=== AIM OF THE TASK ===
Reproduce only the lines below from the line containing "In the ship's" to the line containing "Here is a chart", exactly as written, with both end lines kept. Omit the pictures.

#### MATERIAL SHOWN ####

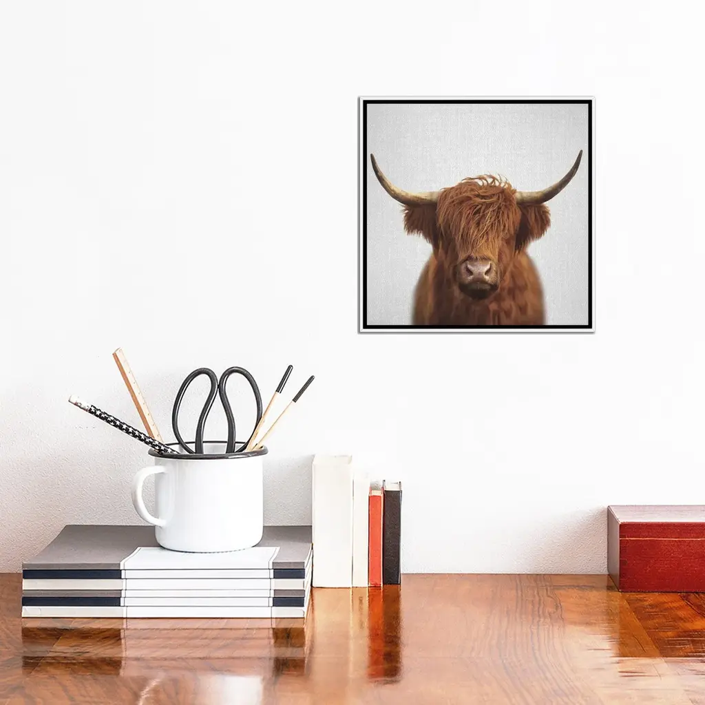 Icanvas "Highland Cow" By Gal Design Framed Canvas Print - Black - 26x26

####
#### MATERIAL SHOWN ####

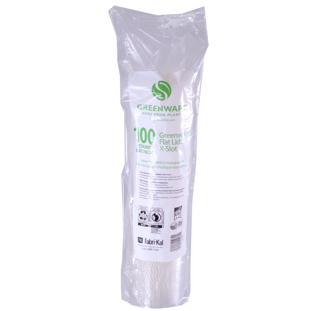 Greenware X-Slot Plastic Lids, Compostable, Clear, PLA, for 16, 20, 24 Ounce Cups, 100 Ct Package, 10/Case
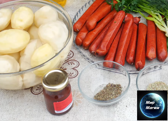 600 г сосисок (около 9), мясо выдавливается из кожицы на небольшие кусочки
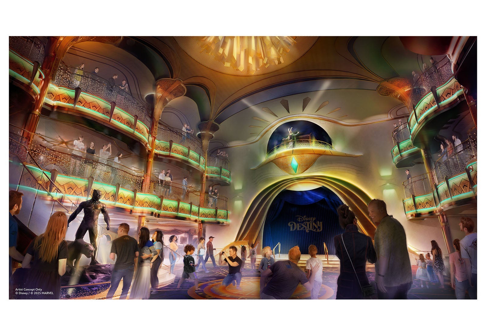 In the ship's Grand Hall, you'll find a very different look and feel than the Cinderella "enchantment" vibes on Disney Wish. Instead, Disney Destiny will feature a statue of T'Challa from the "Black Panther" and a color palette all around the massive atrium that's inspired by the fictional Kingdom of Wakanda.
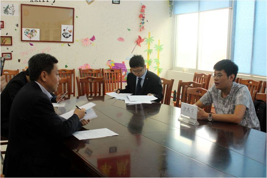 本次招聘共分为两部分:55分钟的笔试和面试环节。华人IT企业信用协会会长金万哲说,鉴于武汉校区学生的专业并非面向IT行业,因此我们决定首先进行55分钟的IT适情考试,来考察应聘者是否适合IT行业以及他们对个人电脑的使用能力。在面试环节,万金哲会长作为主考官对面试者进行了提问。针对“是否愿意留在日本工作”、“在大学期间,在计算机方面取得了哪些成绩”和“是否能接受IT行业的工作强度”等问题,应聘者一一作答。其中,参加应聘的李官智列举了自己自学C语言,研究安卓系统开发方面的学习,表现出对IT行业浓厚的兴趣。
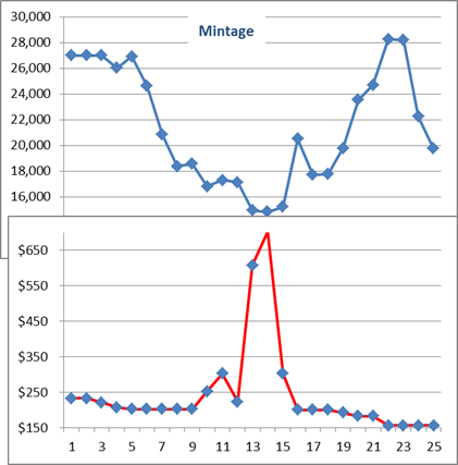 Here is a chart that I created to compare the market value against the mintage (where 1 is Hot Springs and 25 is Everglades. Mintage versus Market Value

####

=== EXERCISE ANSWER ===
 In the ship's Grand Hall, you'll find a very different look and feel than the Cinderella "enchantment" vibes on Disney Wish. Instead, Disney Destiny will feature a statue of T'Challa from the "Black Panther" and a color palette all around the massive atrium that's inspired by the fictional Kingdom of Wakanda.
 本次招聘共分为两部分:55分钟的笔试和面试环节。华人IT企业信用协会会长金万哲说,鉴于武汉校区学生的专业并非面向IT行业,因此我们决定首先进行55分钟的IT适情考试,来考察应聘者是否适合IT行业以及他们对个人电脑的使用能力。在面试环节,万金哲会长作为主考官对面试者进行了提问。针对“是否愿意留在日本工作”、“在大学期间,在计算机方面取得了哪些成绩”和“是否能接受IT行业的工作强度”等问题,应聘者一一作答。其中,参加应聘的李官智列举了自己自学C语言,研究安卓系统开发方面的学习,表现出对IT行业浓厚的兴趣。
 Here is a chart that I created to compare the market value against the mintage (where 1 is Hot Springs and 25 is Everglades. Mintage versus Market Value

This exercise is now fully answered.